■ WHAT THIS TASK INVOLVES ■
Print the listing below once more, unchanged.

■ GIVEN INFORMATION ■

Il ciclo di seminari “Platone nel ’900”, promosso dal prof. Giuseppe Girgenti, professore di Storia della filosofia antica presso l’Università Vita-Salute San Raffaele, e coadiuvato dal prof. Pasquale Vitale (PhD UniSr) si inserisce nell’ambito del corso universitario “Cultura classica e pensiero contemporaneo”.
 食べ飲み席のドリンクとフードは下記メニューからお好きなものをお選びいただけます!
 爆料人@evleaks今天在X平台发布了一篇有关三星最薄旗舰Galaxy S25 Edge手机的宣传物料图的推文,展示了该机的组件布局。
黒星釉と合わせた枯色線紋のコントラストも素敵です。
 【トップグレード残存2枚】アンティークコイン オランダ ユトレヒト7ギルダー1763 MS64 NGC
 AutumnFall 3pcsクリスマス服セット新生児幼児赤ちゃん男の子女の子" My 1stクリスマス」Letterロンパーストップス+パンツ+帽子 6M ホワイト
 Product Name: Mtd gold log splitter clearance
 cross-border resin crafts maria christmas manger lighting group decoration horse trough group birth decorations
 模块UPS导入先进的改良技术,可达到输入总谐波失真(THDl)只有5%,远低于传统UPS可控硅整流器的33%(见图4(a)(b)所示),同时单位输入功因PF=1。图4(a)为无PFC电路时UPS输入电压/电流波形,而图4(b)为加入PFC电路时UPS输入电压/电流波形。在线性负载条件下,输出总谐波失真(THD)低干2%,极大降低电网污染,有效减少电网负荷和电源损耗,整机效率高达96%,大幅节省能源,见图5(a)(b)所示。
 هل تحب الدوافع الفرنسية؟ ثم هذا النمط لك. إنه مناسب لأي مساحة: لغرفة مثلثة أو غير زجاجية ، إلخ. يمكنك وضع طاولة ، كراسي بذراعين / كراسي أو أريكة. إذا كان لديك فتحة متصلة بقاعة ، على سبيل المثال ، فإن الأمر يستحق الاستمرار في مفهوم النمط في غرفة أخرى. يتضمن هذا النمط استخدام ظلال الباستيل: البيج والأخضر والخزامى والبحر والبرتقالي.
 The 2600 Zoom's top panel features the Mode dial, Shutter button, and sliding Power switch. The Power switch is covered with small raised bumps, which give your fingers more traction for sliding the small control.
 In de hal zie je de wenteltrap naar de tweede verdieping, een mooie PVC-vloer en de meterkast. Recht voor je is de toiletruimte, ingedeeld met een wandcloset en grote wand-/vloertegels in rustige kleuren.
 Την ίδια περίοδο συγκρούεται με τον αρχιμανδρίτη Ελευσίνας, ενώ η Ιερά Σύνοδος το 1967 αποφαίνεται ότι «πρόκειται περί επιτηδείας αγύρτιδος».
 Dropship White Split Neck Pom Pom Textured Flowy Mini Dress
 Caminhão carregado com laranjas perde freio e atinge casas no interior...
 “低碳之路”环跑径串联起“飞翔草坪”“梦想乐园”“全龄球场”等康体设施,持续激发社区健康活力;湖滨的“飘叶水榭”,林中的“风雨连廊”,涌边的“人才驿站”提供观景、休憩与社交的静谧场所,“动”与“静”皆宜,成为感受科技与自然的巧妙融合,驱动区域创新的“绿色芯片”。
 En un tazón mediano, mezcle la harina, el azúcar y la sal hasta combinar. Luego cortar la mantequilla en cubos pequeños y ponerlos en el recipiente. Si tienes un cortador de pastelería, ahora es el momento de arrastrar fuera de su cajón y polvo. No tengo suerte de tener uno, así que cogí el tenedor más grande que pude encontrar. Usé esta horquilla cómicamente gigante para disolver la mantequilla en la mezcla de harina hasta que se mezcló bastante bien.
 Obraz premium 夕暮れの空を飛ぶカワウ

■ RESPONSE ■
Il ciclo di seminari “Platone nel ’900”, promosso dal prof. Giuseppe Girgenti, professore di Storia della filosofia antica presso l’Università Vita-Salute San Raffaele, e coadiuvato dal prof. Pasquale Vitale (PhD UniSr) si inserisce nell’ambito del corso universitario “Cultura classica e pensiero contemporaneo”.
 食べ飲み席のドリンクとフードは下記メニューからお好きなものをお選びいただけます!
 爆料人@evleaks今天在X平台发布了一篇有关三星最薄旗舰Galaxy S25 Edge手机的宣传物料图的推文,展示了该机的组件布局。
黒星釉と合わせた枯色線紋のコントラストも素敵です。
 【トップグレード残存2枚】アンティークコイン オランダ ユトレヒト7ギルダー1763 MS64 NGC
 AutumnFall 3pcsクリスマス服セット新生児幼児赤ちゃん男の子女の子" My 1stクリスマス」Letterロンパーストップス+パンツ+帽子 6M ホワイト
 Product Name: Mtd gold log splitter clearance
 cross-border resin crafts maria christmas manger lighting group decoration horse trough group birth decorations
 模块UPS导入先进的改良技术,可达到输入总谐波失真(THDl)只有5%,远低于传统UPS可控硅整流器的33%(见图4(a)(b)所示),同时单位输入功因PF=1。图4(a)为无PFC电路时UPS输入电压/电流波形,而图4(b)为加入PFC电路时UPS输入电压/电流波形。在线性负载条件下,输出总谐波失真(THD)低干2%,极大降低电网污染,有效减少电网负荷和电源损耗,整机效率高达96%,大幅节省能源,见图5(a)(b)所示。
 هل تحب الدوافع الفرنسية؟ ثم هذا النمط لك. إنه مناسب لأي مساحة: لغرفة مثلثة أو غير زجاجية ، إلخ. يمكنك وضع طاولة ، كراسي بذراعين / كراسي أو أريكة. إذا كان لديك فتحة متصلة بقاعة ، على سبيل المثال ، فإن الأمر يستحق الاستمرار في مفهوم النمط في غرفة أخرى. يتضمن هذا النمط استخدام ظلال الباستيل: البيج والأخضر والخزامى والبحر والبرتقالي.
 The 2600 Zoom's top panel features the Mode dial, Shutter button, and sliding Power switch. The Power switch is covered with small raised bumps, which give your fingers more traction for sliding the small control.
 In de hal zie je de wenteltrap naar de tweede verdieping, een mooie PVC-vloer en de meterkast. Recht voor je is de toiletruimte, ingedeeld met een wandcloset en grote wand-/vloertegels in rustige kleuren.
 Την ίδια περίοδο συγκρούεται με τον αρχιμανδρίτη Ελευσίνας, ενώ η Ιερά Σύνοδος το 1967 αποφαίνεται ότι «πρόκειται περί επιτηδείας αγύρτιδος».
 Dropship White Split Neck Pom Pom Textured Flowy Mini Dress
 Caminhão carregado com laranjas perde freio e atinge casas no interior...
 “低碳之路”环跑径串联起“飞翔草坪”“梦想乐园”“全龄球场”等康体设施,持续激发社区健康活力;湖滨的“飘叶水榭”,林中的“风雨连廊”,涌边的“人才驿站”提供观景、休憩与社交的静谧场所,“动”与“静”皆宜,成为感受科技与自然的巧妙融合,驱动区域创新的“绿色芯片”。
 En un tazón mediano, mezcle la harina, el azúcar y la sal hasta combinar. Luego cortar la mantequilla en cubos pequeños y ponerlos en el recipiente. Si tienes un cortador de pastelería, ahora es el momento de arrastrar fuera de su cajón y polvo. No tengo suerte de tener uno, así que cogí el tenedor más grande que pude encontrar. Usé esta horquilla cómicamente gigante para disolver la mantequilla en la mezcla de harina hasta que se mezcló bastante bien.
 Obraz premium 夕暮れの空を飛ぶカワウ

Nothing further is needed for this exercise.